We implement MERIT Processor, an accelerator architecture for deep learning as well as other vision-related tasks with SystemVerilog. This work is also based on our Unrolled Memory Inner-Product Operator (UMI Operator) in ICCV'17 (see the references below), and you can check out the CUDA version at

The repo name MIMORI cames from Multi Input Multiple Output Ranged Inner-Product, is genealized from the UMI Operator mentioned above. While the architecture name has been changed to Memory Efficient Ranged Inner-Product (MERIT), we still preserve the original repo name for convenience.


Nowadays the software stack is the most critical part for DNN accelerators. Apart from writing drivers, software engineers have to optimize memory movement like prefetching, systolic array, and SRAM bank. These process is repeatedly performed whenever new algorithms come out, and many works reduce the optimization efforts by computation abstraction and custom compilers. However, running compilers for every end-devices is not practical, and storing and transferring statically-compiled codes might also be a problem.

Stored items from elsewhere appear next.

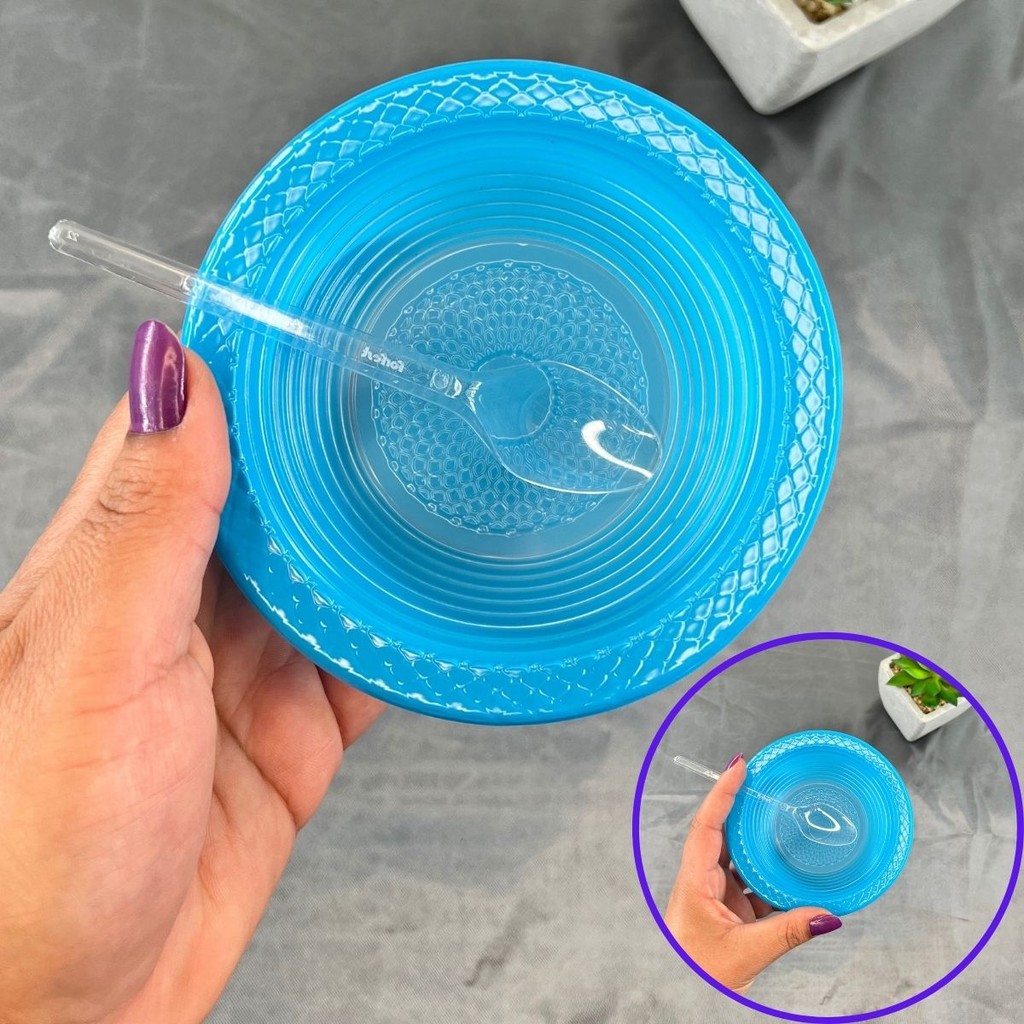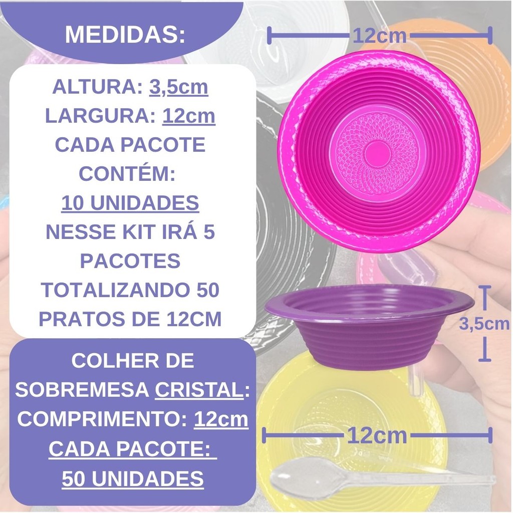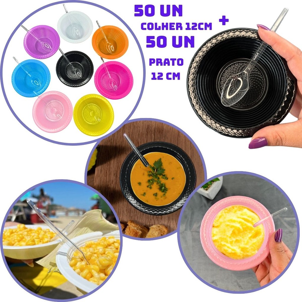 Kit 50 Prato Descartável Fundo Colorido Cumbuca 12cm + Colher 50 Cristal Petisco Festa Bolo Aniversario Milho
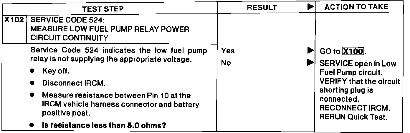 X102 - Service Code 524: Measure Low Fuel Pump Relay Continuity
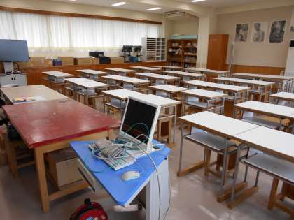 美術室です.術室は、3階西側に第一美術室、東側の奥に第二美術室があります。隣りあわせではないので、間違えてしまうと移動に大変です。先週は第一美術室を使用しての授業でした。
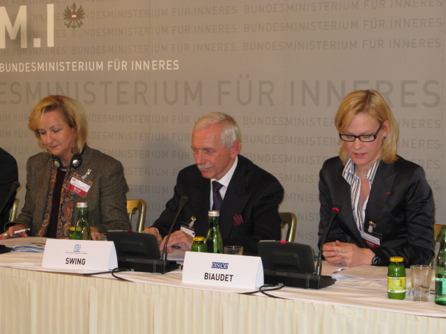 From right: Eva Biaudet, OSCE Special Representative; William Lacy Swing, IOM Director General; and Maria Fekter, Austrian Ministry of Interior during a ministerial conference on combating human trafficking in Vienna, 23 February 2009.
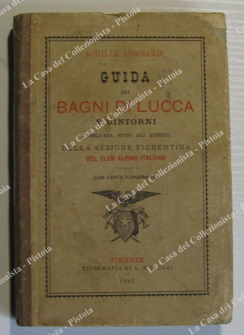 Toscana. LOMBARDI ACHILLE. GUIDA DEI BAGNI DI LUCCA E DINTORNI. Firenze, Tip. Niccolai, 1882. In 16° (cm 10x15), mezza tela editoriale. Pagine 178 + (2) di indice + una carta topografica ripiegata (cm 28x33). Normali segni d'uso, uno strappetto ricomposto alla carta. (Rif.D9605)
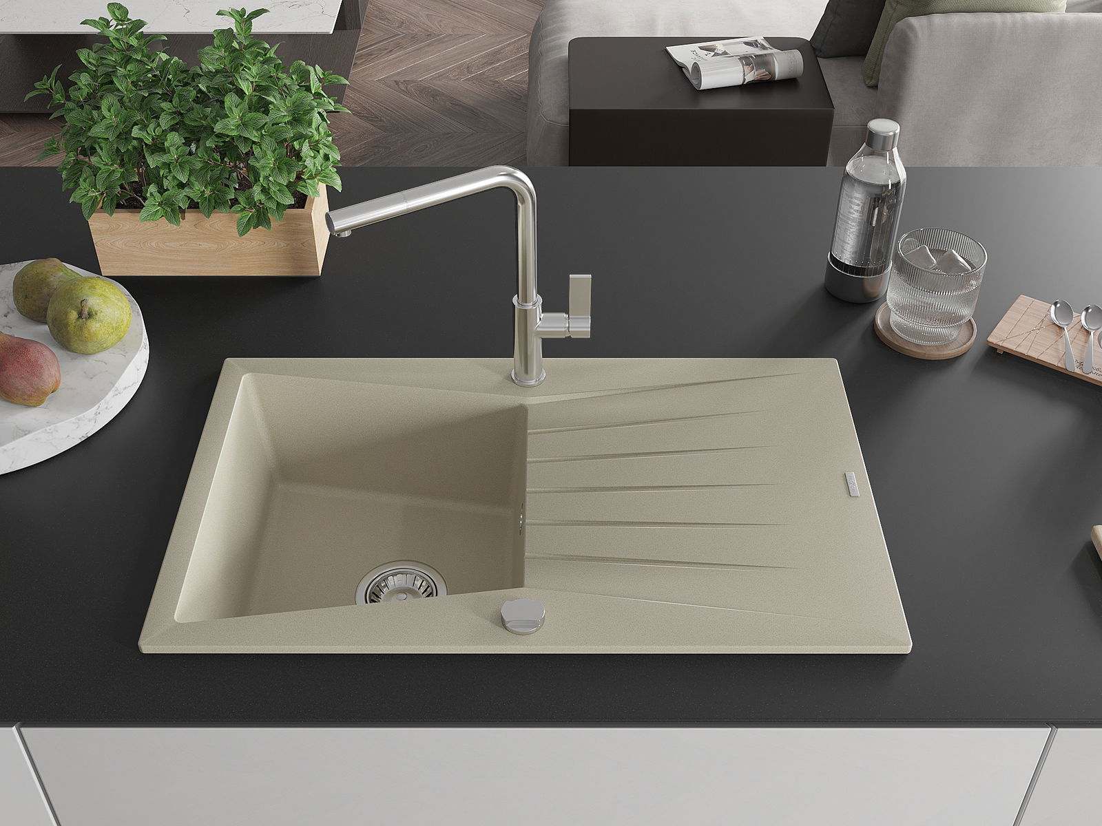 A mosogató magas minőségű gránitból készült. Elegáns, de mindenekelőtt praktikus kiegészítője minden konyhának, függetlenül annak stílusától. A gránit magas minősége és tartóssága hosszú távú használatot biztosít.

Our goal is to build an easy-to-program accelerator for data-regular computations, such as deep learning and many other scientific computations. Thanks to UMI Operator, MERIT processor has these benefits.

Almost compiler free: A network layer can be describe with only tens of integer parameters. This parameters is (almost) directly written to the cofiguration registers without compiler. making MERIT Processor more suitable for low-end embedded CPUs.

Memory efficient: Many DNN accelerators utilize per-core local buffers and a large global buffer. UMI Operator identifies the data reuse clearly and provide a methodology to aggregate local buffers as a global buffer. Besides, while MERIT is a vector processor architecture, we use UMI Operator to also identify a data reuse pattern similar to systolic array, which we call SysTolic ARray Tensor DAta SHaring (STARTDASH) methodology.

In short, programmers can exploit these optimization with only defining a few integers easily:

  • tiling,
  • bank-conflict,
  • prefetching,
  • systolic array data sharing, and
  • kernel fusion.

Hardware Configuration

The interfaces are bus-like data interfaces plus a configuration register interface. These interfaces are defined to be similar to common bus protocol such as AXI, and can be converted to this bus protocol with standard procedures.

The design is configured with a 32-core vector array, and can be verified with Synopsys 32 nm Educational Design Kit. The multiple vector array and its systolic version are also tested under RTL.

Usage and Verification


The simulation requires 2 git submodules to work, and INCISIV (ncverilog/irun) is also necessary.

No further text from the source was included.